How it works: The chatbot comprised two BART models. To train and test the system, the authors built a dataset of roughly 10,000 search-assisted dialogs. One human conversant chose a topic and started the conversation, while another, if necessary, queried a search engine and formulated replies. The authors tracked which statements led to a search, and which statements and searches led to which responses.

The authors trained one BART to take a dialogue-in-progress as input and generate the associated search query. The search engine returned five documents per query.
The authors trained the other BART to generate representations of each document and the dialog in progress, concatenate the representations, and generate the response.

Results: Human volunteers chatted with both the authors’ system and a BART model without internet access, and scored the two according to various metrics. They rated the authors’ chatbot more consistent (76.1 percent versus 66.5 percent), engaging (81.4 percent versus 69.9 percent), knowledgeable (46.5 percent versus 38.6 percent), and factually correct (94.7 percent versus 92.9 percent).

Why it matters: This work enables chatbots to extend and update their knowledge on the fly. It may pave the way to more conversational internet search as well as a convergence of conversational agents and intelligent assistants like Siri, Google Assistant, and Alexa, which already rely on internet search.

We're thinking: When it comes to chatbots, things are looking up!

Screen Shot 2021-11-10 at 4.43.22 PM copy

Who Can Afford to Train AI?

The cost of training top-performing machine learning models has grown beyond the reach of smaller companies.
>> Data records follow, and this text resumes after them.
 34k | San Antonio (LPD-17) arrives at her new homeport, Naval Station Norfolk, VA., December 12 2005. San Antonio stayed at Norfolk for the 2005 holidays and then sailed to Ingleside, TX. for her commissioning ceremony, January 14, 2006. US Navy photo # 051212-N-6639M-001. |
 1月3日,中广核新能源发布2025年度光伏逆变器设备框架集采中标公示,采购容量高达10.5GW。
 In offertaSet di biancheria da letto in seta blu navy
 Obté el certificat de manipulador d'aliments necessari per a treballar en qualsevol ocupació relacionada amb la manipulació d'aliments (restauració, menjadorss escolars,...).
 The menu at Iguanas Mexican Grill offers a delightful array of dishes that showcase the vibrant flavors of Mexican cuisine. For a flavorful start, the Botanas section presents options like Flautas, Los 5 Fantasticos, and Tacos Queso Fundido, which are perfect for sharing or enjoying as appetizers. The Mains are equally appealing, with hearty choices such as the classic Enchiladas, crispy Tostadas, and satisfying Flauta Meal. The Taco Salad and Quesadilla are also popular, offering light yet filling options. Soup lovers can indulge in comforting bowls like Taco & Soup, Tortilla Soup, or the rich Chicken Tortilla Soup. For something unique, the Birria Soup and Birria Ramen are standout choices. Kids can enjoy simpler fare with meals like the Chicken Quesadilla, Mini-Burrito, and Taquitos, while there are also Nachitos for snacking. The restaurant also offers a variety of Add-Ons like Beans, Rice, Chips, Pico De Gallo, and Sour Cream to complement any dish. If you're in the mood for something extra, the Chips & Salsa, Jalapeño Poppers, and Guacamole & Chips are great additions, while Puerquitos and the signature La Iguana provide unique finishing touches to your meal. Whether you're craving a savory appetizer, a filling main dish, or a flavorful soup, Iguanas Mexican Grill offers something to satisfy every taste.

That may mean less innovation all around.

What’s new: Some companies that would like to build a business on state-of-the-art models are settling for less, Wired reported. They’re exploring paths toward higher performance at a lower price.
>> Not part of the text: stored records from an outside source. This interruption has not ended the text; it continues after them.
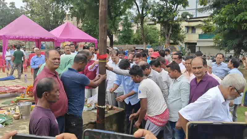 Seraikella आदित्यपुर-01 स्थित एम टाइप मैदान में श्रीश्री दुर्गा पूजा कमिटी, प्रवीण सेवा संस्थान द्वारा आयोजित होने वाले भव्य दुर्गा पूजा समारोह की तैयारी का श्रीगणेश हो गया है. मंगलवार को पूजा पंडाल निर्माण हेतु विधिवत भूमिपूजन संपन्न हुआ। यह पूजा पंडाल न सिर्फ क्षेत्र में खास पहचान रखता है, बल्कि लौहनगरी के प्रमुख आकर्षणों में भी शुमार होता है.
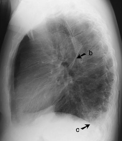 Interstitial oedema in the lungs (lateral view). Interstitial oedema in the lungs (lateral view). Oedema is also accumulated along the lobe margins (b) and in the scars. The condition is often associated with pleural fluid (c). For PA view: see Interstitial Oedema in the Lungs (Pa View).
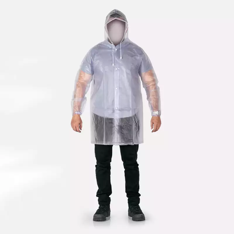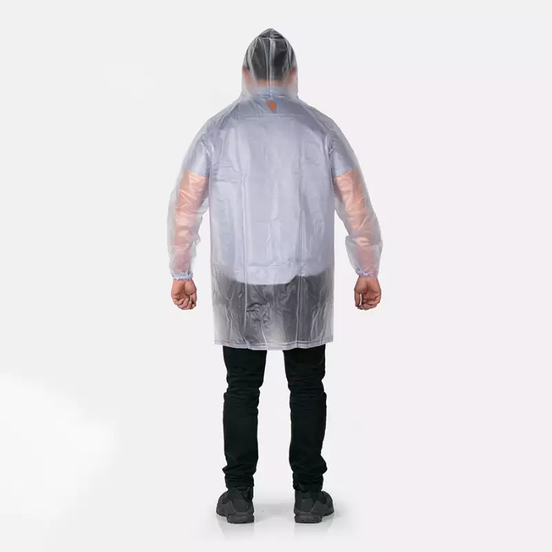 Gabardina impermeable sellada por alta frecuencia. Con capota integrada, ajuste por medio de broches y puños resortados. Pvc siliconado calibre 8. Reforzada en la zona de las axilas. Color transparente. Para uso a la intemperie. Ideal para uso casual y movilidad en bici o eléctrica.
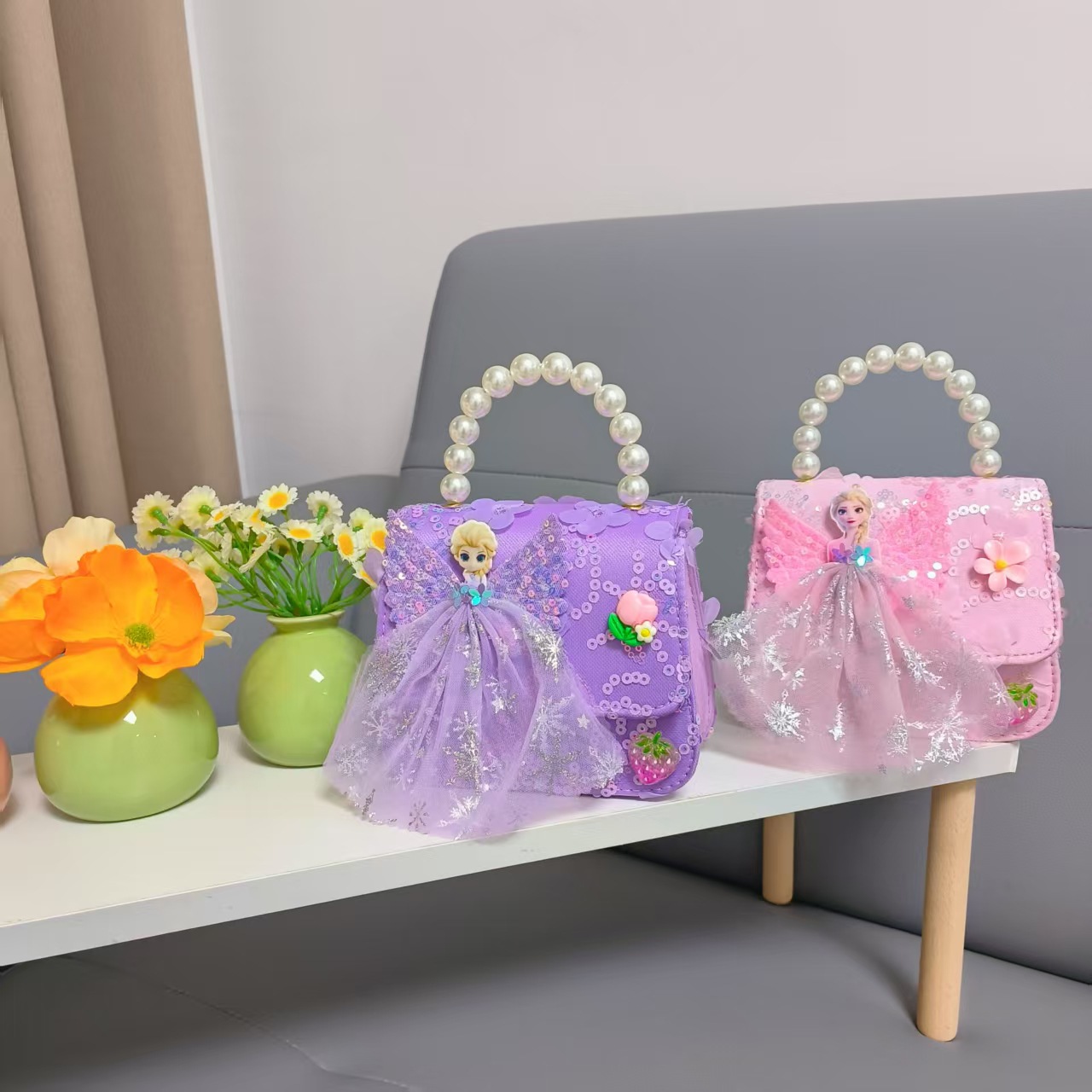 Bolso de perla arco princesa Elsa cambio bolso accesorios bolso de Año Nuevo para chicas bolso de dibujos animados bolso cuadrado

How it works: Models are getting larger, and with them, the amount of computation necessary to train them. The cost makes it hard to take advantage of the latest advances.

Glean, which provides tools for searching workplace chat, sales, and other apps, doesn’t have the money to train large language models that would improve its products. Instead, it has turned to smaller, less capable models, software engineer Calvin Qi told Wired.
Optum, a health benefits provider, spends upward of $50,000 per model for training in the cloud. It’s considering purchasing specialized hardware to speed up the process, according to Dan McCreary, a distinguished engineer at the company.
Matroid, which offers a computer vision platform, uses its own GPUs supplemented by cloud computing to train transformers for “under $100,000 for the largest models,” founder Reza Zadeh told The Batch. At inference, it cuts compute costs via parameter pruning, quantization, low-rank factorizations, and knowledge distillation.
Mosaic ML is a startup working on techniques to make training more efficient. Its executive team includes Michael Carbin and Jonathan Frankel. They formulated the “lottery ticket hypothesis,” which posits that only a portion of a neural network is responsible for much of its performance.

Behind the news: In 2020, researchers estimated the cost of training a model of 1.5 billion parameters (the size of OpenAI’s GPT-2) on the Wikipedia and Book corpora at $1.6 million. They gauged the cost to train Google’s Text-to-Text Transformer (T5), which encompasses 11 billion parameters, at $10 million. Since then, Google has proposed Switch Transformer, which scales the parameter count to 1 trillion — no word yet on the training cost.

Why it matters: The growing importance of AI coupled with the rising cost of training large models cuts into a powerful competitive advantage of smaller companies: Their ability to innovate without being weighed down by bureaucratic overhead. This doesn't just hurt their economic prospects, it slows down the emergence of ideas that improve people’s lives and deprives the AI community of research contributions by small players.

We’re thinking: A much bigger model often can perform much better on tasks in which the data has a long tail and the market supports only one winner. But in some applications — say, recognizing cats in photos — bigger models deliver diminishing returns, and even wealthy leaders won’t be able to stay far ahead of competitors.